## Exercise
From the line containing "レインボームーンストーンと銀のネックレス+標本セット【天然鉱物/SV925】" through the last line of the data, both ends included, write out every line exactly; omit the pictures.

(Data extract Opens)

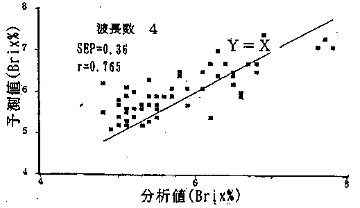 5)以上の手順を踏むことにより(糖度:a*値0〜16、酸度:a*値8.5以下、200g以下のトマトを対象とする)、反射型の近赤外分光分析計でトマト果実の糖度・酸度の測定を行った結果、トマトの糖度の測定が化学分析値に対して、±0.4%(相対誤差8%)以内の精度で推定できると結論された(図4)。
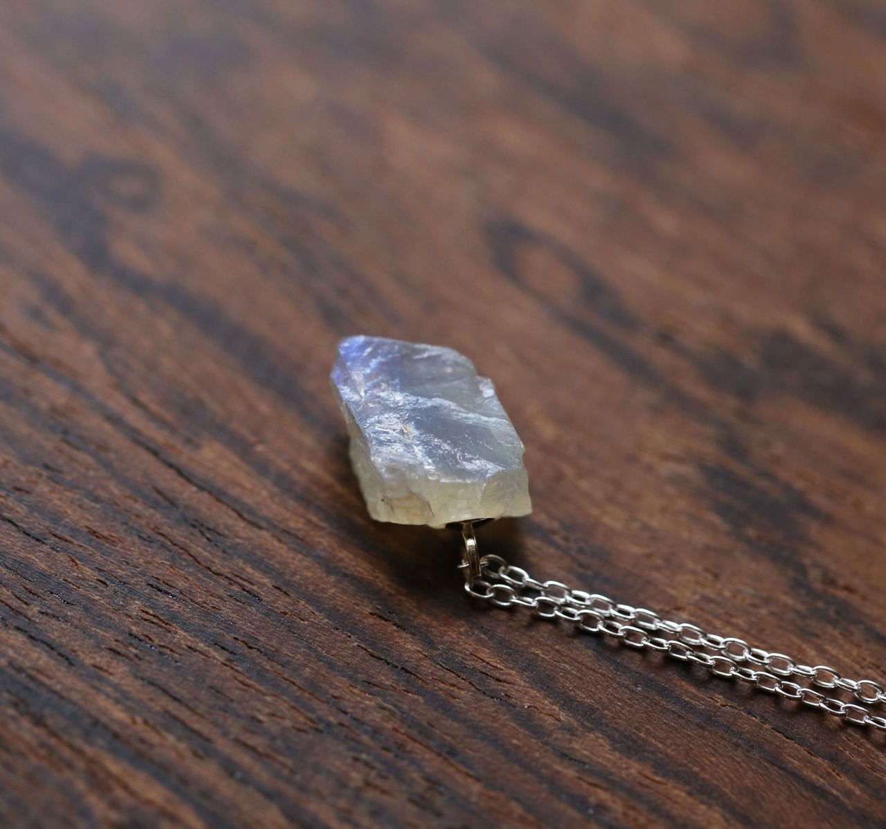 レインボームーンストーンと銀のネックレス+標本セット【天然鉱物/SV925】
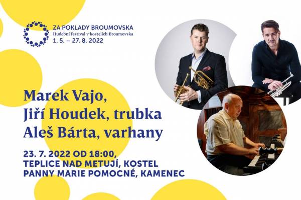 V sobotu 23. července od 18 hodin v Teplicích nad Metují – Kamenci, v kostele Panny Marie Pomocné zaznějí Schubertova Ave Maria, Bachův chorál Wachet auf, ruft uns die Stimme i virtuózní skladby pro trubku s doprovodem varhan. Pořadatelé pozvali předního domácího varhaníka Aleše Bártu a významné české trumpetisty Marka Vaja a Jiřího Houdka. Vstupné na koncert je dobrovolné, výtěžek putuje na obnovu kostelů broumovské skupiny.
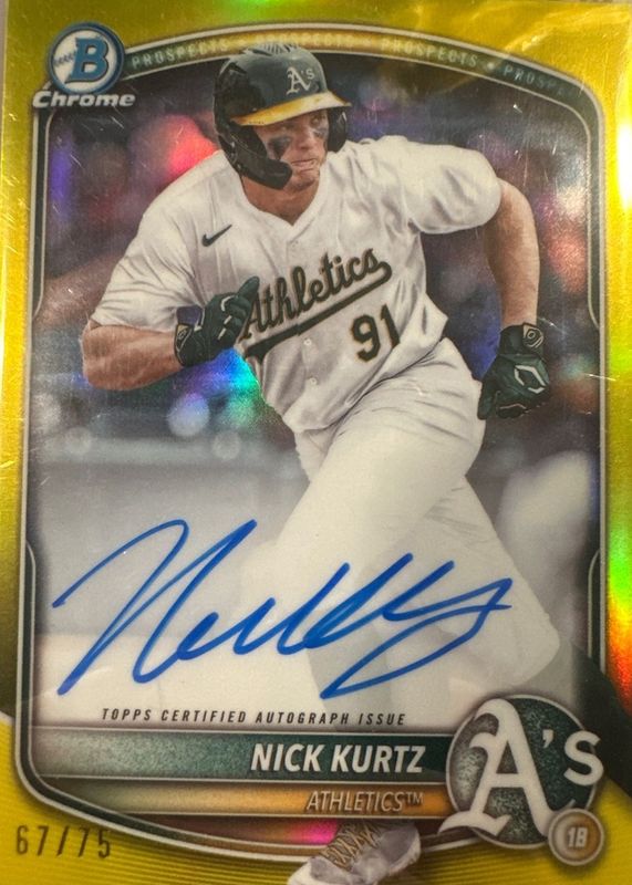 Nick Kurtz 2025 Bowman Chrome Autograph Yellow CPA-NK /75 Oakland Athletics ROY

(Data extract Closes)

## Result
 レインボームーンストーンと銀のネックレス+標本セット【天然鉱物/SV925】
 V sobotu 23. července od 18 hodin v Teplicích nad Metují – Kamenci, v kostele Panny Marie Pomocné zaznějí Schubertova Ave Maria, Bachův chorál Wachet auf, ruft uns die Stimme i virtuózní skladby pro trubku s doprovodem varhan. Pořadatelé pozvali předního domácího varhaníka Aleše Bártu a významné české trumpetisty Marka Vaja a Jiřího Houdka. Vstupné na koncert je dobrovolné, výtěžek putuje na obnovu kostelů broumovské skupiny.
 Nick Kurtz 2025 Bowman Chrome Autograph Yellow CPA-NK /75 Oakland Athletics ROY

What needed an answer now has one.